AI News 6 min read

Claude Opus 4.7: Anthropic's New Flagship Clears SWE-Bench Pro

Anthropic's Claude Opus 4.7 excels on SWE-bench Pro with enhanced vision and new features.

Apr 19, 2026

Claude Opus 4.7: Anthropic's New Flagship Clears SWE-Bench Pro

Anthropic shipped Claude Opus 4.7 on April 16, 2026, and the headline number is hard to argue with: 64.3% on SWE-bench Pro, up from 53.4% on Opus 4.6. That's not a tuning-round improvement. It's the kind of jump that makes you re-read the eval card to make sure you haven't misread the x-axis.

This is Anthropic's direct answer to GPT-5.4 and Gemini 3.1 Pro — both of which briefly held the "most capable publicly available LLM" crown over the past two months. With Opus 4.7, Anthropic narrowly takes it back. The catch: the company also publicly conceded that its unreleased Claude Mythos Preview still beats 4.7 across the board. Anthropic is holding Mythos back over cybersecurity concerns, a story we covered in Claude Mythos.

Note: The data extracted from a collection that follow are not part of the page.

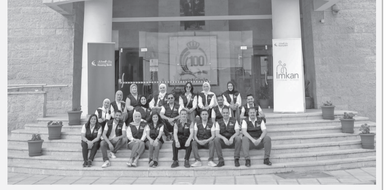
الانباط-عمان عيد، لتوزيع ملابس العيد على ١٠٠ طفل، وذلك بالتعاون مع بنك الملايس الخيري /الهيئة الخيرية الأردنية الهاشمية أقام بنك الإسكان فعالية «فرحة

بالترام مع اقتراب عيد الأضحى المبارك، وقد جاءت الفعالية كجزء من نشاطات البنك الاجتماعية المتعددة وبما يتسجم مع أهداف برنامجه المتخصص بالمسؤولية الاجتماعية «إمكان الإسكان»، والذي يحرص من خلاله على الاهتمام بفضة الأطفال ضمن قطاع التمكين الاجتماعي الذي يتبناه البنك. وشارك في الفعالية مجموعة من متطوعي بنك الإسكان ضمن برنامج «إمكان الإسكان» حيث تضمنت الفعالية أجواء ترفيهية وتفاعلية أدخلت الفرحة والسرور إلى قلوب الأطفال المستفيدين. تجدر الإشارة أن «برنامج إمكان» يعتبر
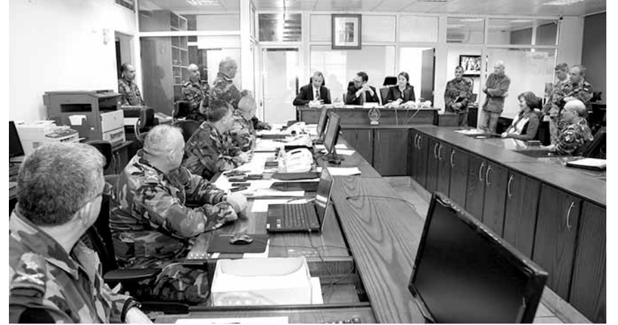
الوفد الأميركي في وزارة الدفاع

لقوى الجيش المنتشرة على الحدود الشرقية، وجهوزيتها القتالية لمواجهة التخطيمات الإرهابية وسيط أعمال التسلل والتخريب.
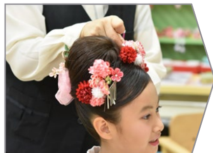
本格的な日本髪やアレンジヘアなどご希望をお伺いします。当日ご相談下さい。
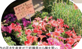
市内の花き生産者が三好種苗から種を買い、苗まで育てた花苗、野菜苗も充実
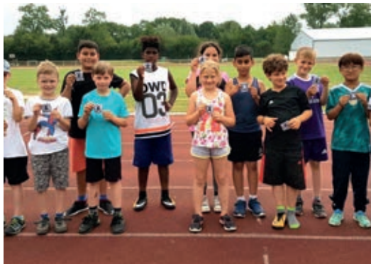
Kinder der Grundschule „Alter Markt“ mit ihren Schwimmabzeichen

Die Übergabe der Schwimmabzeichen fand am Mittwoch während des Sportfestes statt. Hier wurden auch die Kinder der vierten Klassen geehrt, die es schafften das Deutsche Sportabzeichen in Bronze und Silber abzulegen.

What's actually new in Opus 4.7

Let's skip the marketing and look at what changed at the model level.

Coding just got measurably better. On SWE-bench Verified, Opus 4.7 hits 87.6%, up from 80.8% on Opus 4.6. Cursor CEO Michael Truell said the jump on their internal CursorBench was 70% vs. 58% — an entire class of tasks moved from "partially reliable" to "you can just ship it." Rakuten reported Opus 4.7 resolves 3x more production tasks than 4.6 on Rakuten-SWE-Bench, with double-digit gains in code and test quality.

Vision went from "fine" to "actually useful." Opus 4.7 can now accept images up to 2,576 pixels on the long edge (~3.75 megapixels), more than three times the prior Claude ceiling. XBOW, which uses Claude for autonomous pentesting, reported Opus 4.7 scoring 98.5% on their visual-acuity benchmark versus 54.5% for Opus 4.6. That's not an incremental bump — that's a regime change for any workflow that depends on reading dense screenshots or diagrams.

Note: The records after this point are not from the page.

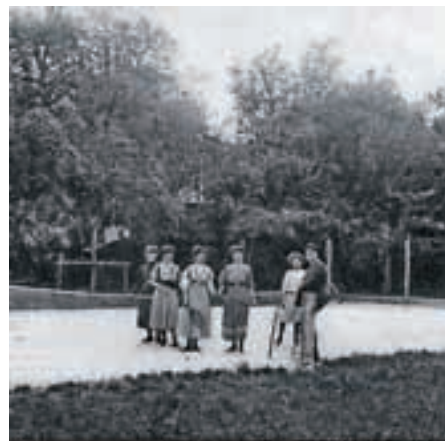
Fotografija z območja med vodama – gospoda igra tenis pri vili Jarc.
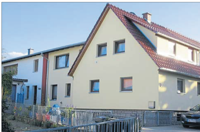
Dieses Wohnhaus-Ensemble steht in Schlüchterns Stadtteil Niederzell.
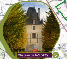
Château de Rouvray 5
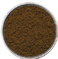
WIBERG SEMI DI CUMINO MACINATI 600G 29088 - SCATOLA
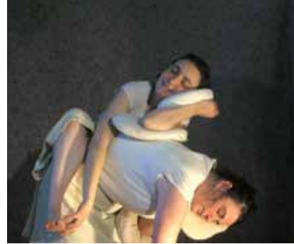
TOUCHE À TOUILLE (2008)

Après avoir invité les tout-petits dès 6 mois à voyager dans un décor tout en fissures avec Petite Chimère (création 2016), la compagnie est délicieusement sortie de sa zone de confort avec cette nouvelle création. C'est certain, la rencontre avec nos spectateurs est déjà intense et pleine d'émotions. C'est certain, nous avons tellement envie de partager cette belle aventure !
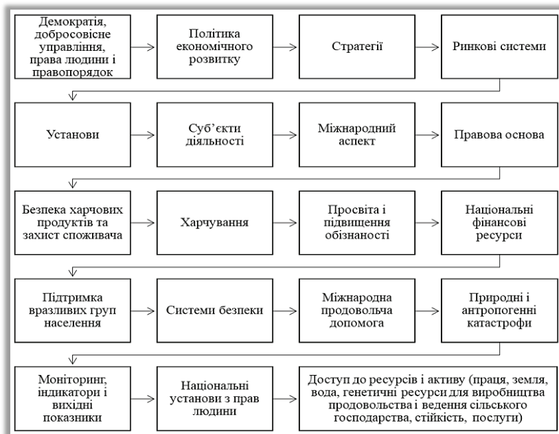
Рис. 1.3 – Добровільні керівні принципи Ради FAO Джерело: за даними [52]
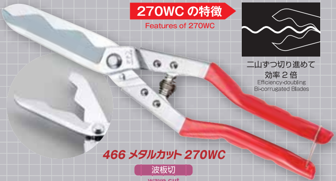
466 メタルカット 270WC

二山ずつ切り進めて 効率 2 倍 Efficiency-doubling Bi-corrugated Blades

There's a new effort level: xhigh. It sits between high and max, giving developers a finer knob for trading latency against reasoning depth. In Claude Code, xhigh is now the default on all plans. Anthropic explicitly recommends starting there for coding work.

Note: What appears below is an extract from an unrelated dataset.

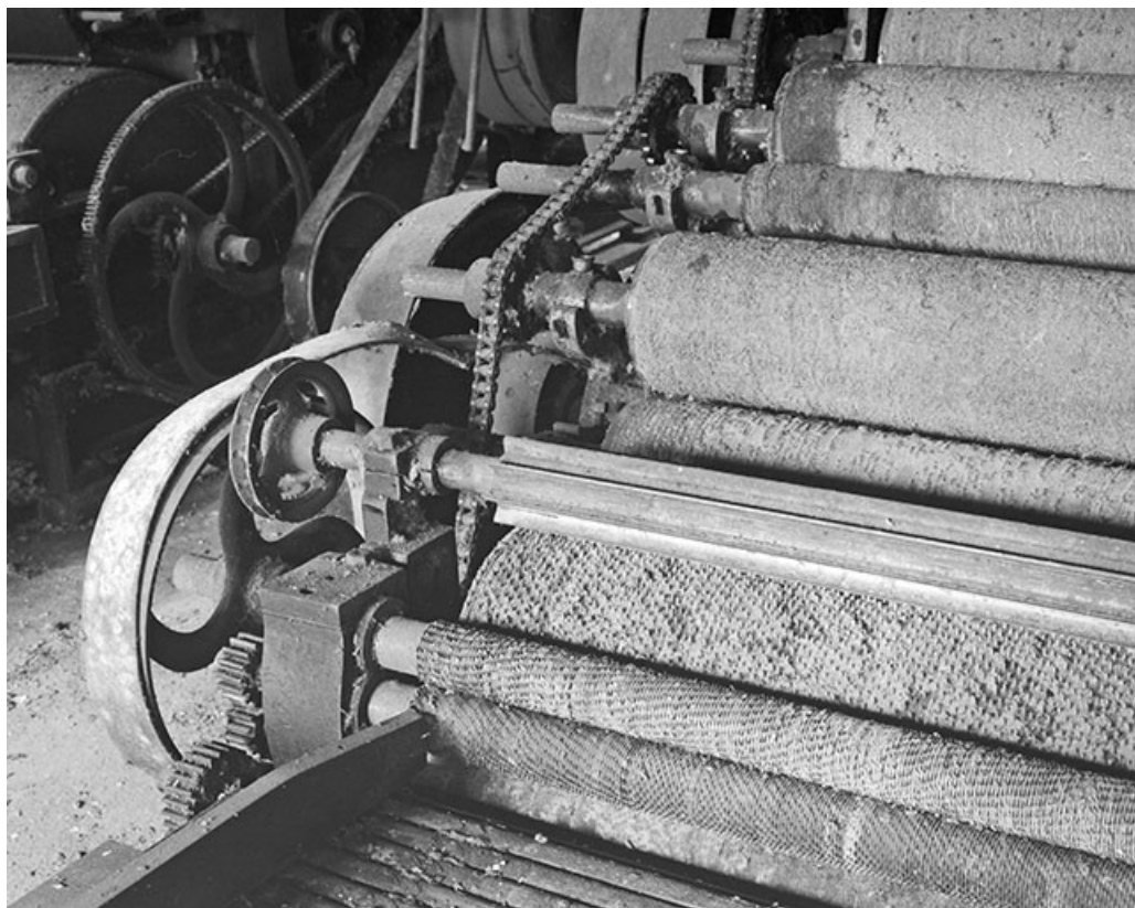
Détail du cylindre briseur. De gauche à droite, rouleaux alimentaires, cylindre briseur puis cylindres cardes de l'avant-train. 39, Balanod, lieudit : sous Roches

Task budgets are in public beta on the API. Developers can now cap token spend at the task level so Claude prioritizes effort across longer runs instead of burning budget on the first sub-goal.

The tokenizer change nobody should ignore

Pricing is unchanged — $5 per million input tokens, $25 per million output tokens, the same as Opus 4.6. But there's a subtle catch buried in the migration guide: Opus 4.7 uses an updated tokenizer that maps the same input to 1.0–1.35x more tokens depending on content type.

That means your real bill can rise even though the per-token rate didn't. Anthropic argues the net effect is favorable because 4.7 thinks more efficiently at each effort level, but they explicitly tell teams to "measure the difference on real traffic." That's good advice. A Finout cost analysis flagged the same issue — the "unchanged price tag" hides a real cost shift for high-volume use.

If you're migrating a production workload, run a shadow evaluation first. Don't flip the model string blind.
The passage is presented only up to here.